Biographical details
- Born: August 20, 1888 Albert Lea, Minnesota, U.S.
- Died: January 3, 1967 (aged 78) Whittier, California, U.S.

Playing career

Football
- 1907: Whitman
- 1908–1910: Michigan

Baseball
- 1908: Whitman
- 1911: Dallas Giants
- Position: End (football)

Coaching career (HC unless noted)

Football
- 1919–1921: North Dakota Agricultural
- 1923–1924: North Dakota Agricultural
- 1928: North Dakota Agricultural
- 1929–1932: Fresno State

Basketball
- 1919–1922: North Dakota Agricultural
- 1934–1939: Fresno State

Baseball
- 1920–1921: North Dakota Agricultural
- 1923–1924: North Dakota Agricultural
- 1930–1941: Fresno State

Administrative career (AD unless noted)
- 1919–1925: North Dakota Agricultural

Head coaching record
- Overall: 36–36–7 (football) 75–75 (basketball) 99–58–1 (baseball)

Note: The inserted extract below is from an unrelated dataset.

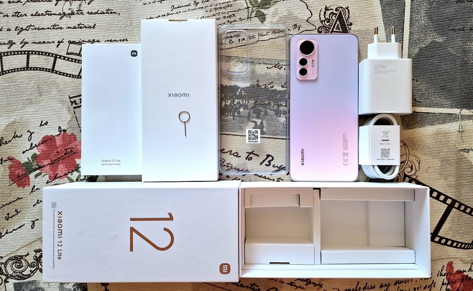 Заедно с телефона – Xiaomi 12 Lite, в кутията ще намерите и прозрачен силиконов кейс – тънък и елегантен с висок борд за камерата, игла за отваряне на слота за SIM карти, книжки с инструкции и гаранции, кабел с конектори USB Type-C и USB Type-A, както и 67W захранващ адаптер.

Accomplishments and honors

Championships
- Football 1 Far Western Conference (1930)

= Stanley Borleske =

American athlete and coach (1888–1967)

Stanley Evans Borleske (August 20, 1888 – January 3, 1967) was an American football, basketball, and baseball player and coach. He served as the head football coach at North Dakota Agricultural College—now North Dakota State University (1919–1921, 1923–1924, 1928) and at Fresno State Teachers College—now California State University, Fresno (1929–1932), compiling a career college football head coaching record of 36–36–7. Borleske's 1930 Fresno State Bulldogs football team is one of only three in program history to complete a season undefeated. Borleske coached basketball at North Dakota Agricultural from 1919 to 1922 and at Fresno State from 1934 to 1939, tallying a mark of 75–75. He was also the head baseball coach at the two schools, from 1920 to 1921 and 1923 to 1924 at North Dakota Agricultural and from 1930 to 1941 at Fresno State, amassing a record of 99–58–1.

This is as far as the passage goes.